* **WORK REQUIRED**
Give an exact copy of the data that follows, but none of its pictures.
----- INFORMATION SUPPLIED -----
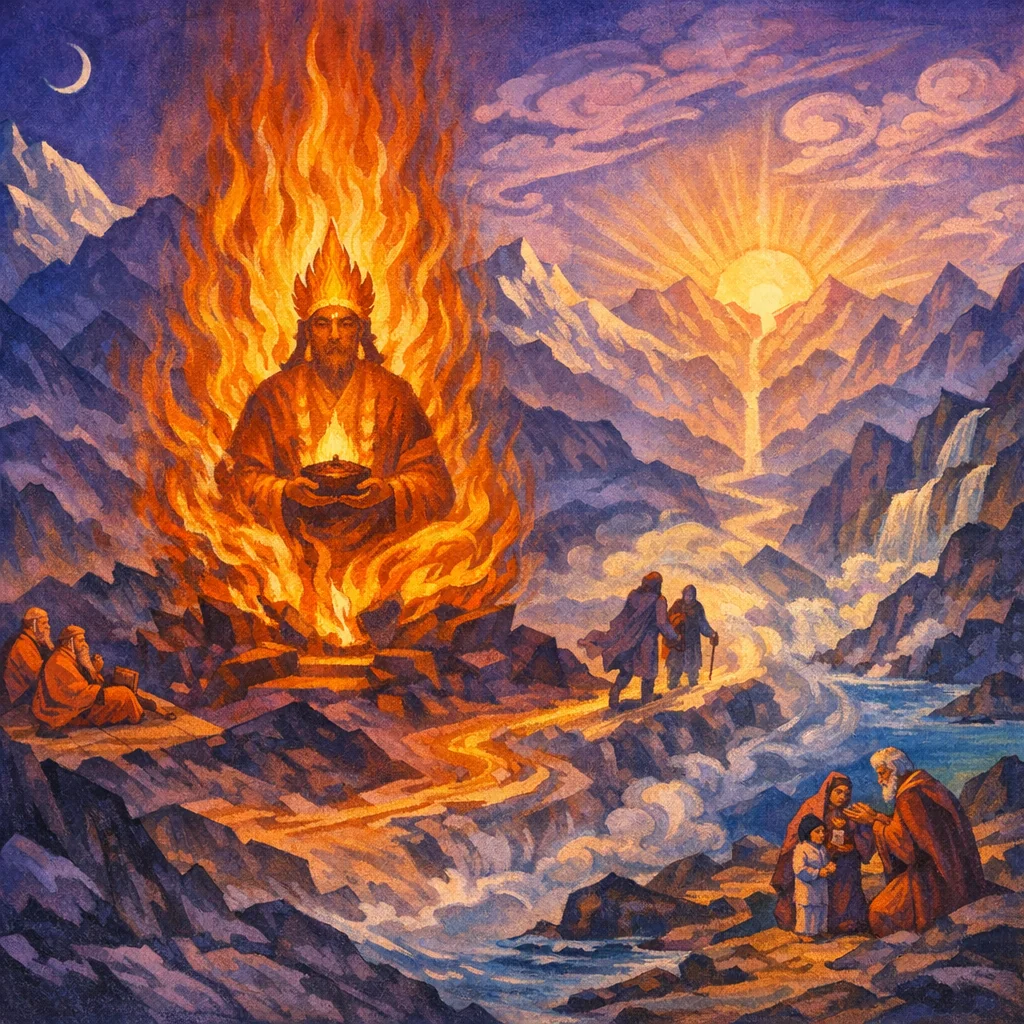 Manu represents the archetypal founder of yajña. The hymn asks Agni to perform for the present worshippers in the same correct, powerful way as he did in Manu’s model sacrifice.
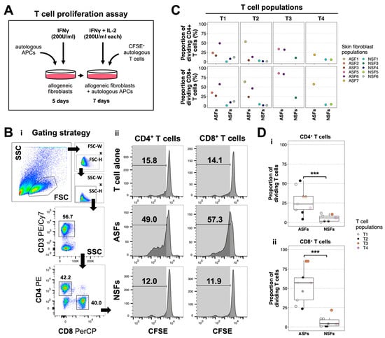 Alloresponsive T cell proliferation is increased in the presence of adult skin fibroblasts, but not neonatal skin fibroblasts. (A) Schematic of the T cell proliferation assay using carboxyfluorescein succinimidyl ester (CFSE) labeling. (B) Cytometric analysis of CD4+ and CD8+ T cell proliferation. (i) Gating strategy used to isolate CD4+ and CD8+ T cells. Plots are generated on a biexponential scale. (ii) Histograms showing CFSE expression in CD4+ and CD8+ T cell subsets across three different conditions: T cells alone, T cell-adult skin fibroblast (ASF) co-cultures, and T cell-neonatal skin fibroblast (NSF) co-cultures. Loss of CFSE expression indicate proliferation. The T cell alone control was used to set the gates defining the region of proliferating cells. Representative graphs for T1 alone, T1-ASF6 and T1-NSF6 co-cultures are shown here. (C) Proportion of dividing CD4+ and CD8+ T cells in co-cultures with N = 11 different skin fibroblast populations. Data were segregated by T cell donors (T1, T2, T3 and T4) and skin fibroblast populations (either adult-ASFs, or neontal-NSFs). (D) The same data were represented after separating fibroblast populations between ASF and NSF groups for CD4+ and CD8+ T cells. Statistics: ANOVA with Tukey’s multiple-comparison tests; *** p < 0.001, N = 18 different T cell-fibroblast co-culture combinations.
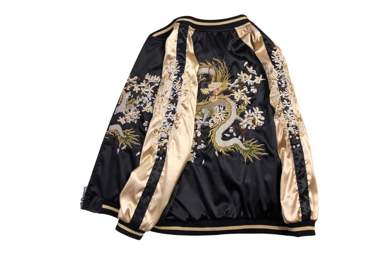 Золотая Роскошная вышитая мужская двусторонняя куртка, сатиновая Сувенирная Куртка Yokosuka, женская уличная Осенняя мужская бейсбольная одежда
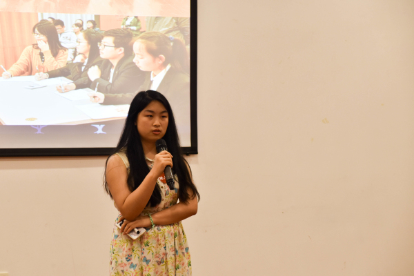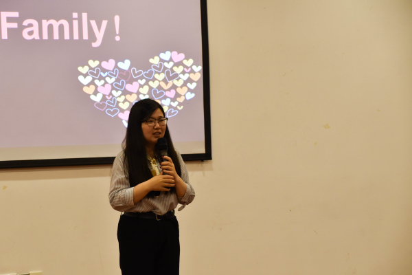 焦艳老师用饱含深情的话语道出因我们的成长而高兴的心情,也诚挚地祝福将要离开中心的“家人”。他们虽然没有办法在接下来的时间里再陪伴中心,但心里都留存有在中心的记忆。同时,主管与部长也总结了干事一年来的工作成果,他们表扬了干事们不怕辛劳,认真工作的态度,也感谢了干事们对中心工作的付出与坚持。
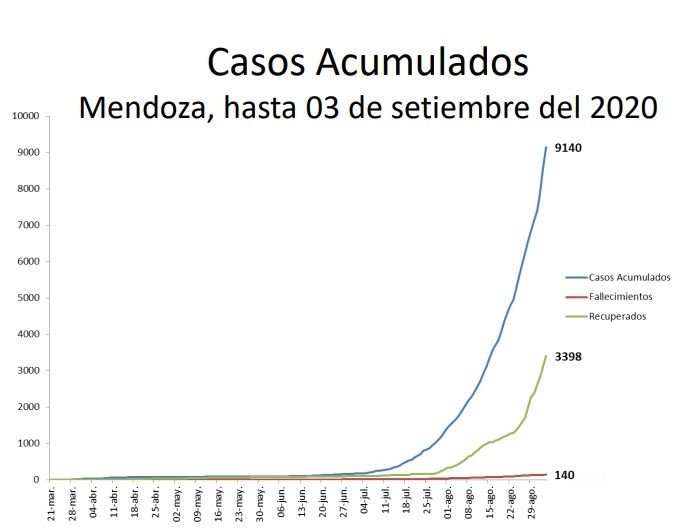 Hay tres datos que marcan que Mendoza está en la fase más compleja de la pandemia. La curva de contagios es casi vertical y explosiva, por un lado. Pero además la contagiosidad (el factor R) aumentó y una persona contagia a "1,7". Lo ideal es estar abajo de 1 y Mendoza había logrado mantenerse cerca. La duplicación de casos ocurre cada 13 días, pero con un detalle preocupante: ahora la base de casos es alta y por eso la duplicación impacta fuertemente. Como ya reveló MDZ, la cantidad de casos positivos relacionados con la cantidad de testeos también es elevada y ese indicador está muy alejado del ideal.
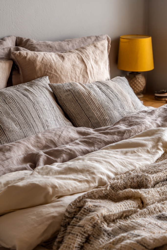 Adding an extra duvet, a quilt, or a lightweight comforter creates insulation while still allowing flexibility. A folded throw or knitted blanket at the foot of the bed adds both warmth and visual softness, making the bed look more inviting without feeling cluttered.
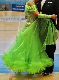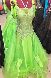 Abito da ballo “standard” per categorie B1-A, con accessori (collana e manicotti). Taglia 42-44.
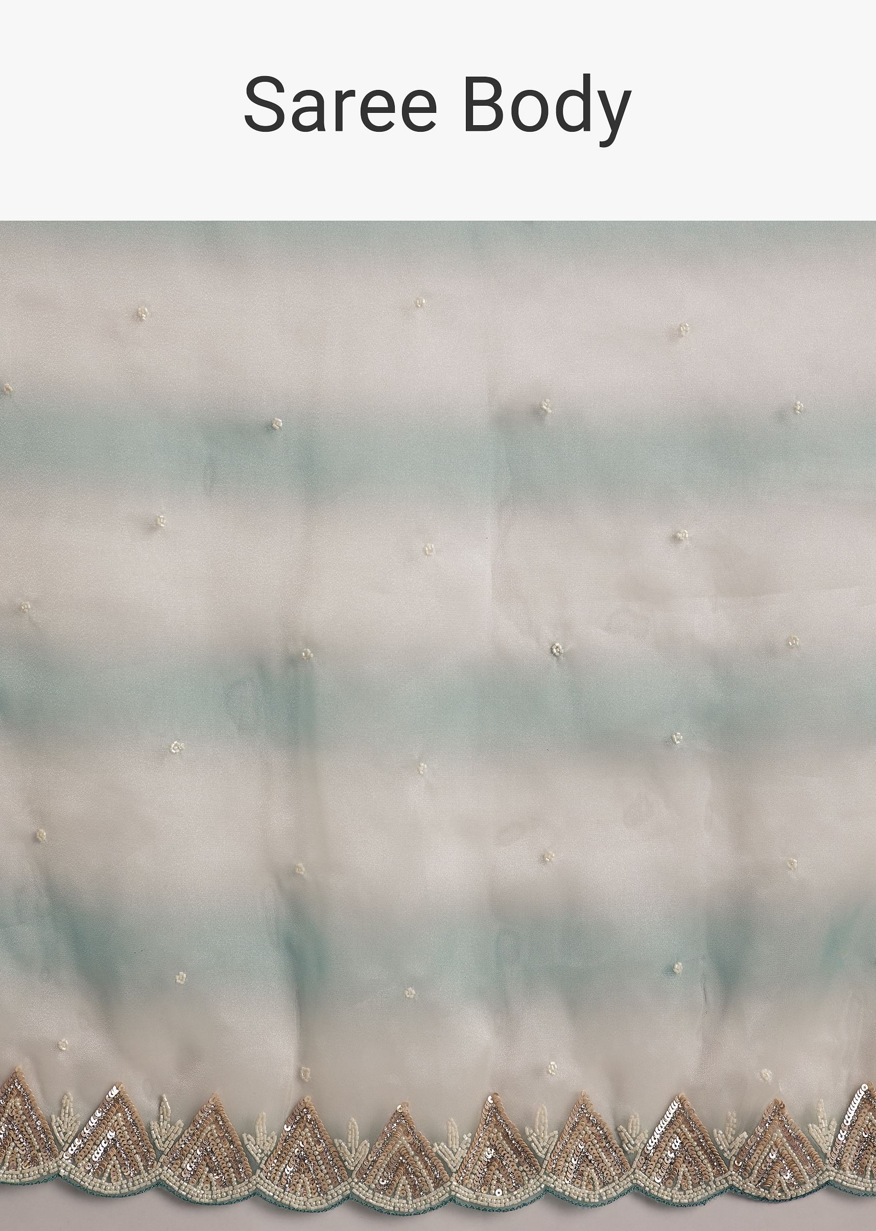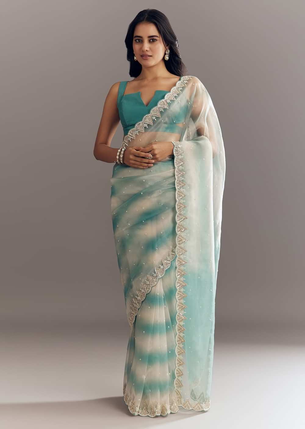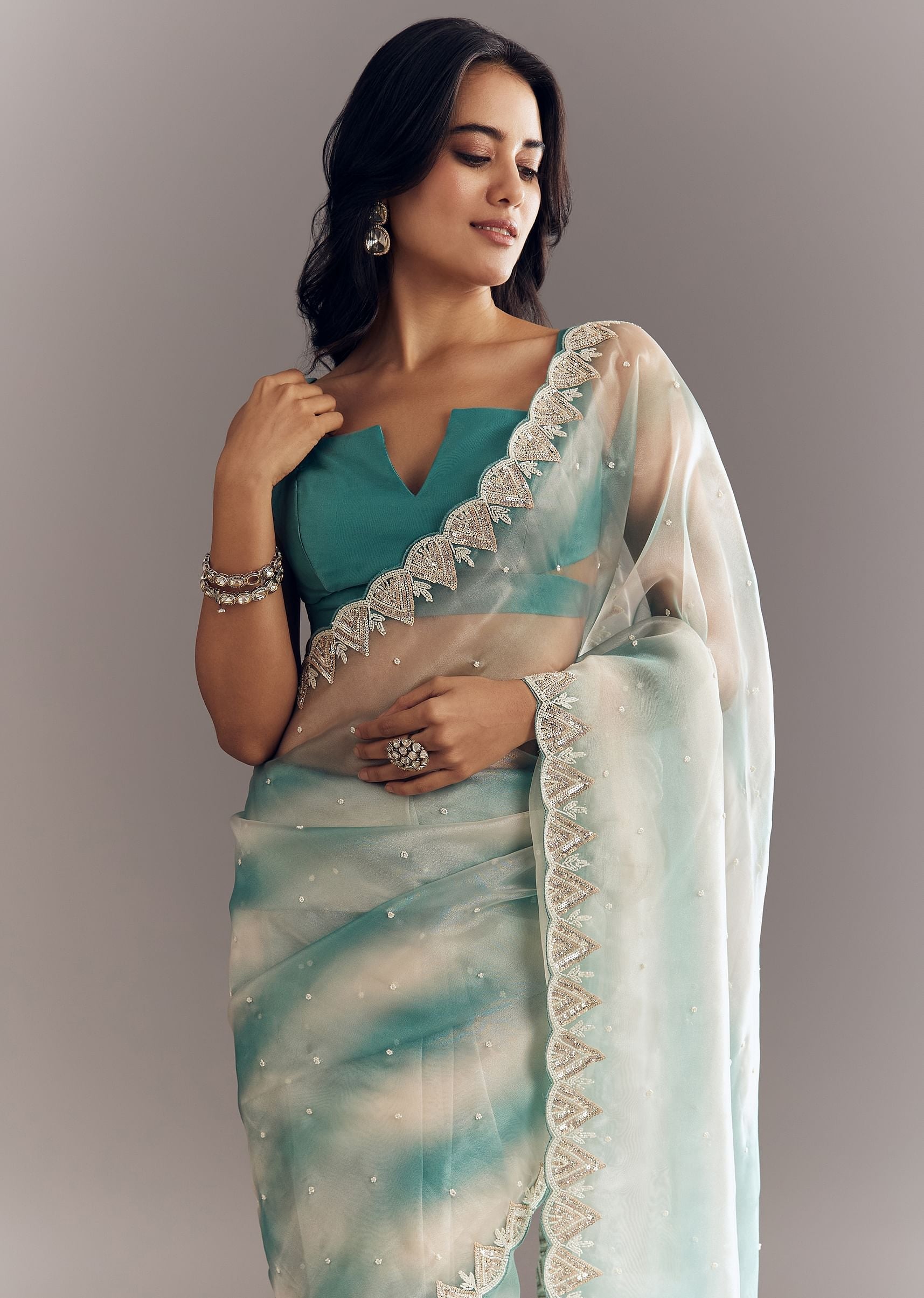 Teal Blue Shaded Organza Saree With Moti Stone Sequins Embroidery And Cutwork Scallop Border
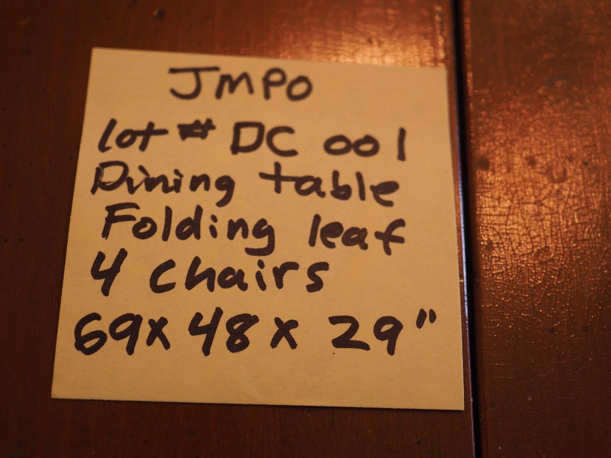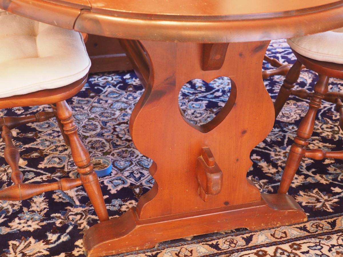 Lot 001 Character wood Drop Leaf table with 4 vintage wooden spoke back chairs
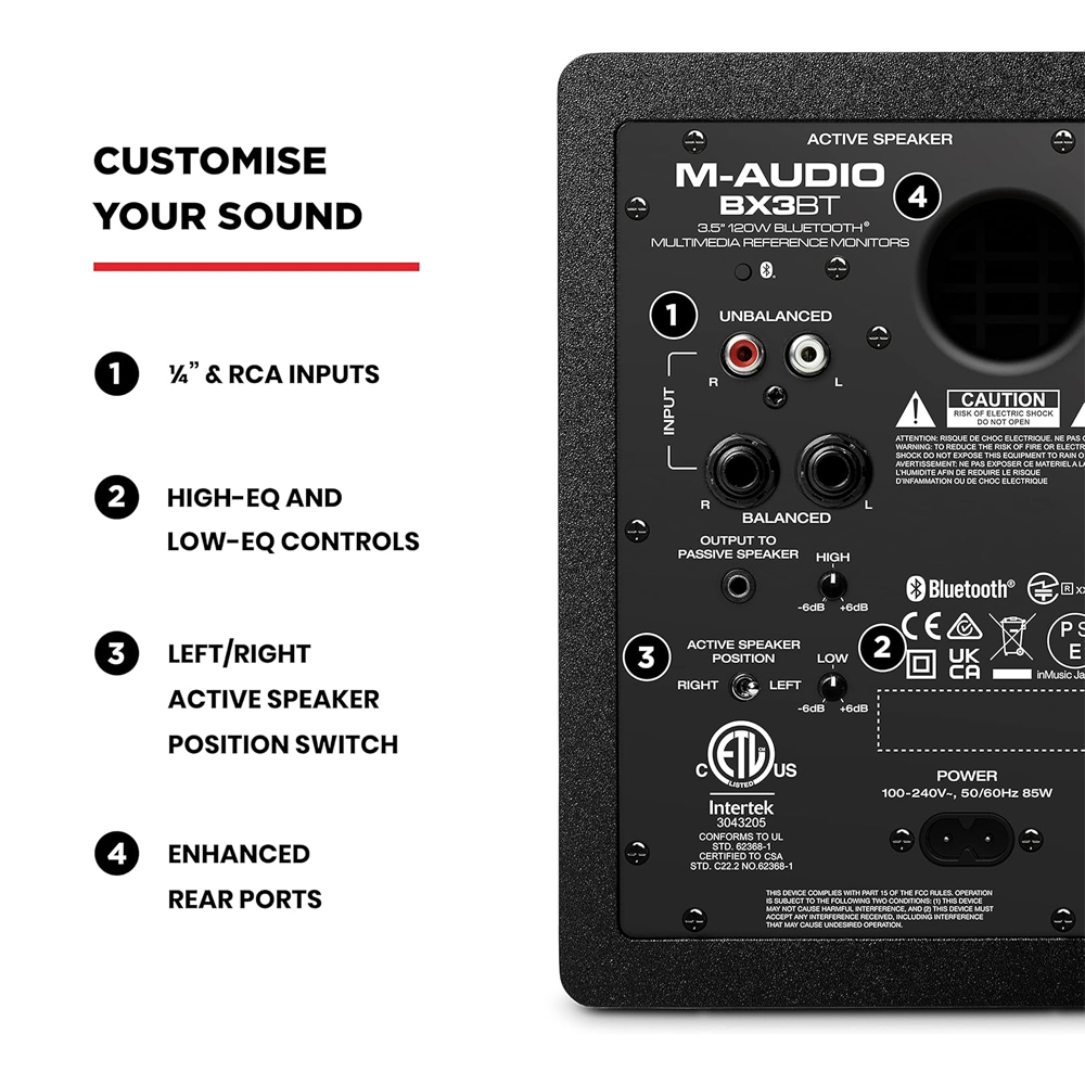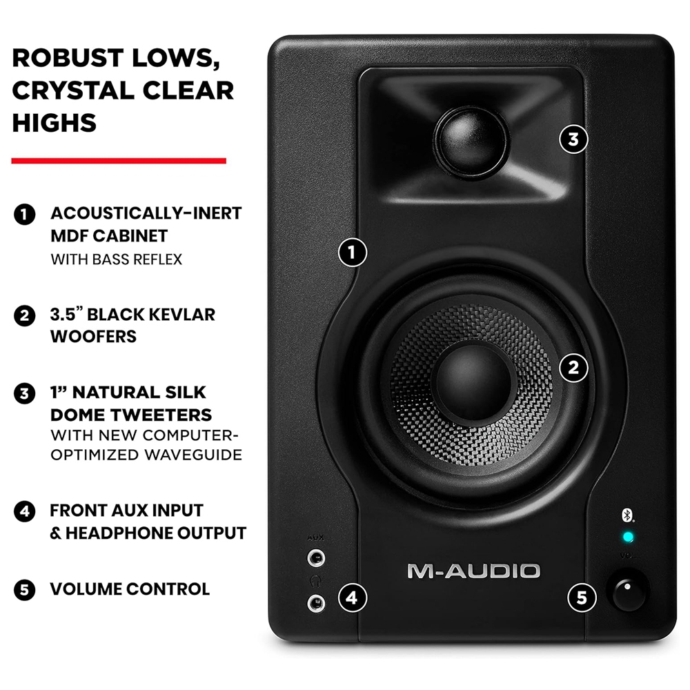 M-Audio BX3BT 120W (Pair) Powered Bluetooth Studio Monitors Speakers for Gaming, Music Production
-----
* **ANSWER TO THIS PROBLEM**
 Manu represents the archetypal founder of yajña. The hymn asks Agni to perform for the present worshippers in the same correct, powerful way as he did in Manu’s model sacrifice.
 Alloresponsive T cell proliferation is increased in the presence of adult skin fibroblasts, but not neonatal skin fibroblasts. (A) Schematic of the T cell proliferation assay using carboxyfluorescein succinimidyl ester (CFSE) labeling. (B) Cytometric analysis of CD4+ and CD8+ T cell proliferation. (i) Gating strategy used to isolate CD4+ and CD8+ T cells. Plots are generated on a biexponential scale. (ii) Histograms showing CFSE expression in CD4+ and CD8+ T cell subsets across three different conditions: T cells alone, T cell-adult skin fibroblast (ASF) co-cultures, and T cell-neonatal skin fibroblast (NSF) co-cultures. Loss of CFSE expression indicate proliferation. The T cell alone control was used to set the gates defining the region of proliferating cells. Representative graphs for T1 alone, T1-ASF6 and T1-NSF6 co-cultures are shown here. (C) Proportion of dividing CD4+ and CD8+ T cells in co-cultures with N = 11 different skin fibroblast populations. Data were segregated by T cell donors (T1, T2, T3 and T4) and skin fibroblast populations (either adult-ASFs, or neontal-NSFs). (D) The same data were represented after separating fibroblast populations between ASF and NSF groups for CD4+ and CD8+ T cells. Statistics: ANOVA with Tukey’s multiple-comparison tests; *** p < 0.001, N = 18 different T cell-fibroblast co-culture combinations.
 Золотая Роскошная вышитая мужская двусторонняя куртка, сатиновая Сувенирная Куртка Yokosuka, женская уличная Осенняя мужская бейсбольная одежда
 焦艳老师用饱含深情的话语道出因我们的成长而高兴的心情,也诚挚地祝福将要离开中心的“家人”。他们虽然没有办法在接下来的时间里再陪伴中心,但心里都留存有在中心的记忆。同时,主管与部长也总结了干事一年来的工作成果,他们表扬了干事们不怕辛劳,认真工作的态度,也感谢了干事们对中心工作的付出与坚持。
 Hay tres datos que marcan que Mendoza está en la fase más compleja de la pandemia. La curva de contagios es casi vertical y explosiva, por un lado. Pero además la contagiosidad (el factor R) aumentó y una persona contagia a "1,7". Lo ideal es estar abajo de 1 y Mendoza había logrado mantenerse cerca. La duplicación de casos ocurre cada 13 días, pero con un detalle preocupante: ahora la base de casos es alta y por eso la duplicación impacta fuertemente. Como ya reveló MDZ, la cantidad de casos positivos relacionados con la cantidad de testeos también es elevada y ese indicador está muy alejado del ideal.
 Adding an extra duvet, a quilt, or a lightweight comforter creates insulation while still allowing flexibility. A folded throw or knitted blanket at the foot of the bed adds both warmth and visual softness, making the bed look more inviting without feeling cluttered.
 Abito da ballo “standard” per categorie B1-A, con accessori (collana e manicotti). Taglia 42-44.
 Teal Blue Shaded Organza Saree With Moti Stone Sequins Embroidery And Cutwork Scallop Border
 Lot 001 Character wood Drop Leaf table with 4 vintage wooden spoke back chairs
 M-Audio BX3BT 120W (Pair) Powered Bluetooth Studio Monitors Speakers for Gaming, Music Production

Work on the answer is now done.